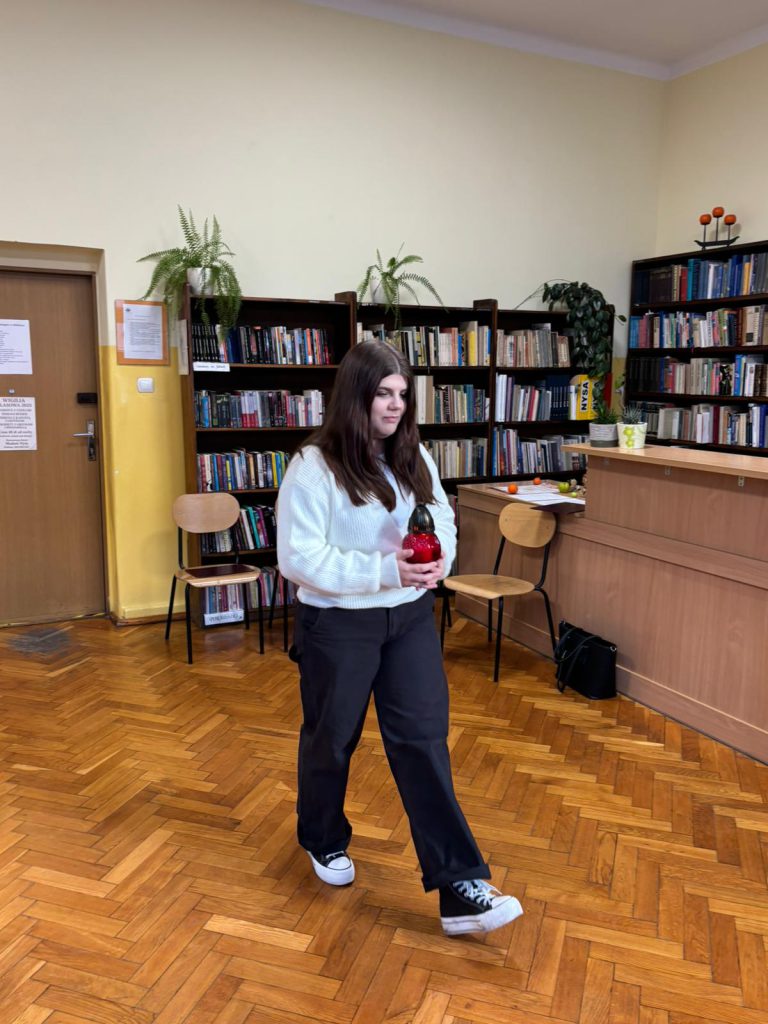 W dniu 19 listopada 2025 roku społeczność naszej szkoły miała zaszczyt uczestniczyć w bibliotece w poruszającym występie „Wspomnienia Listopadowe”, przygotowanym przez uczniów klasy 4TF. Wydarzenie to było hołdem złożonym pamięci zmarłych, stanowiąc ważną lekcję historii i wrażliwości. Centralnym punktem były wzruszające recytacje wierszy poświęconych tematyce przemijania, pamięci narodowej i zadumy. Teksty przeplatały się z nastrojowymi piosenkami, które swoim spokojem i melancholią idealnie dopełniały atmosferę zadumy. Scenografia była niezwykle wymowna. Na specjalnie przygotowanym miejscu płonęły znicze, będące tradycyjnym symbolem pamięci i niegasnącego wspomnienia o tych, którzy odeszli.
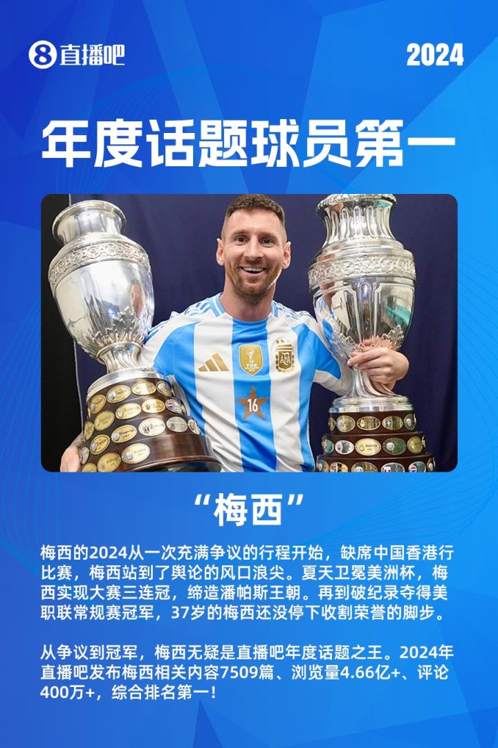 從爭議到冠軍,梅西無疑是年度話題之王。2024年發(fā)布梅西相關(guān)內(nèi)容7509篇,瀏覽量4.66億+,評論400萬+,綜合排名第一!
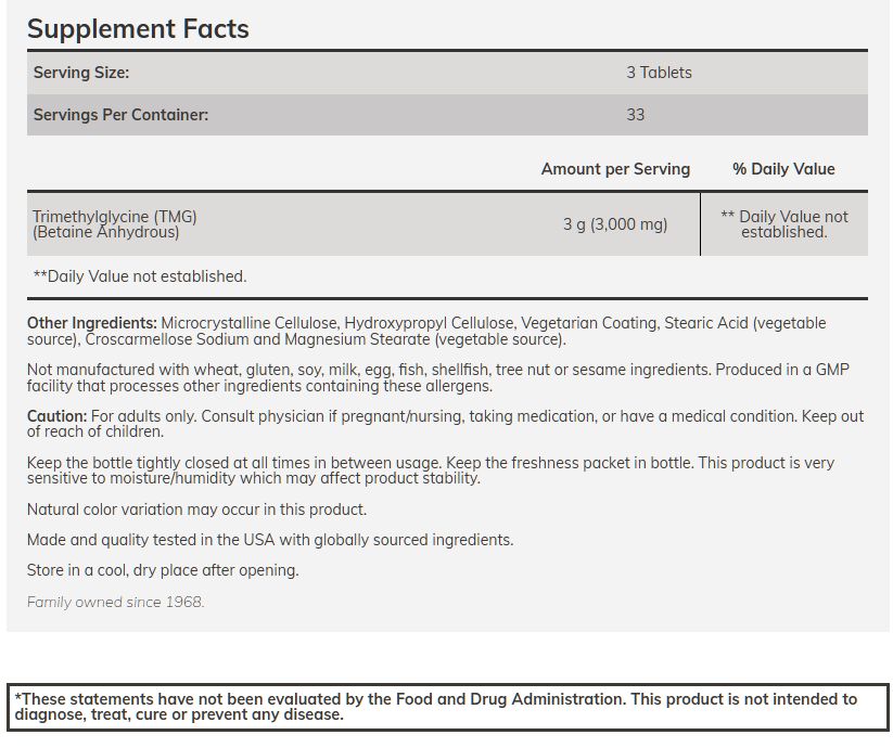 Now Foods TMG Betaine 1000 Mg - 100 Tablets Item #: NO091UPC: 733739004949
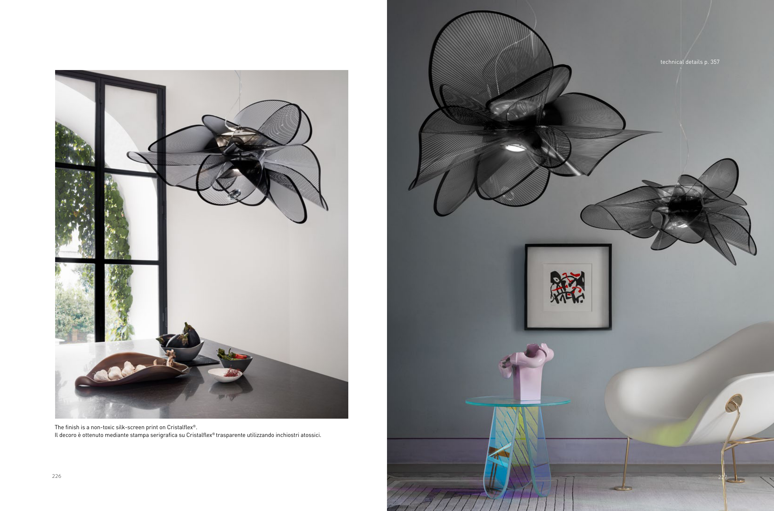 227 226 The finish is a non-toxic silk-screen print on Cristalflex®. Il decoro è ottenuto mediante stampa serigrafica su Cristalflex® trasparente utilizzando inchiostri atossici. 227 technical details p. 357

PROMPT:
Copy the whole of the material above exactly, and exclude every picture.

ANSWER FOR THE TASK:
 W dniu 19 listopada 2025 roku społeczność naszej szkoły miała zaszczyt uczestniczyć w bibliotece w poruszającym występie „Wspomnienia Listopadowe”, przygotowanym przez uczniów klasy 4TF. Wydarzenie to było hołdem złożonym pamięci zmarłych, stanowiąc ważną lekcję historii i wrażliwości. Centralnym punktem były wzruszające recytacje wierszy poświęconych tematyce przemijania, pamięci narodowej i zadumy. Teksty przeplatały się z nastrojowymi piosenkami, które swoim spokojem i melancholią idealnie dopełniały atmosferę zadumy. Scenografia była niezwykle wymowna. Na specjalnie przygotowanym miejscu płonęły znicze, będące tradycyjnym symbolem pamięci i niegasnącego wspomnienia o tych, którzy odeszli.
 從爭議到冠軍,梅西無疑是年度話題之王。2024年發(fā)布梅西相關(guān)內(nèi)容7509篇,瀏覽量4.66億+,評論400萬+,綜合排名第一!
 Now Foods TMG Betaine 1000 Mg - 100 Tablets Item #: NO091UPC: 733739004949
 227 226 The finish is a non-toxic silk-screen print on Cristalflex®. Il decoro è ottenuto mediante stampa serigrafica su Cristalflex® trasparente utilizzando inchiostri atossici. 227 technical details p. 357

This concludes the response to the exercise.